Ara Abrahamyan (Ара Аршавирович Абрамян; born 15 April 1957 in Malishka, Yeghegnadzor District, Armenia) (Արա Աբրահամյան) is a prominent philanthropist, social activist, and businessman. He was born in Malishka, a village in Vayots Dzor Region, Armenia, in a family of physicians. He attended Yerevan State Agricultural University and gained a degree in economics.

== Career ==

He started his career path as an engineer in “Neuron” Industrial enterprise growing to the General Manager of the company. In 1989, he was appointed the Deputy Head of the Department at the USSR Ministry of Electronic Industry. Benevolence dining hall “Arshavir and Baidzar Abrahamyan” opened in Yerevan in 2001.

Ara Abrahamyan has held the position of the President of the Union of Armenians in Russia since 2000 and the President of the World Armenian Congress since 2003. He is also a co-Chairman of Production Councils with South Korea, Brazil, Argentina, France, Nigeria, Libya and the Russian Federation. He is also the current leader of the Armenia is Our Home party.
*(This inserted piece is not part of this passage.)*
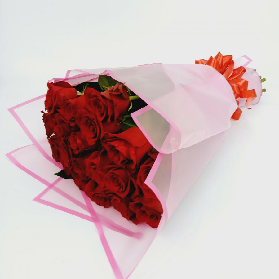 На фото букет из 21 бордовой розы. В составе: роза 21 шт, дизайнерская упаковка 1 шт, атласная лента 1 шт, . Все цветы свежие и ароматные, букет красиво оформлен и отлично подходит для подарка. Доступна доставка цветов или самовывоз.

He participated in the releasing of 6 Armenian pilots from Equatorial Guinea in 2005, detained by local authorities, and in the rescue of 12 Russian sailors, detained in Nigeria in 2006.

== Achievements/Orders ==

- 1991 - “Honored Employee” medal by USSR Ministry of Electronic Industry
- 1996 - Russian Federation Presidential Certificate of Honor
- 1998 - Night cross of Saint Constantine the Great
- 1999 – Honored builder of Russia
- 1999 – UNESCO Certificate of Honor for high social activity (for participation in rebuilding the Kremlin Fortress)
- 2000 - “Saint Enlightener Order”, the highest award of the Armenian Apostolic Church, for merits to the Armenian people.
- 2001 – “For genuine dedication” medal by “Orthodox Russia” Social Movement.
- 2001 - “For strengthening Military Cooperation” medal by the Ministry of Defense of Russian Federation.
- 2001, 2003, 2005, 2011- “Man of the Year” national prize of Russian Federation for strengthening the civil society.
- 2002 – Order of Friendship of Russian Federation
- 2003 – Gold medal by the National Academy of Sciences of Armenia.
- 2003 – UNESCO’s “Good Will Ambassador”
- 2005 - National order of the legion of Honor of France. For developing Russian-French relations and promoting greater cooperation.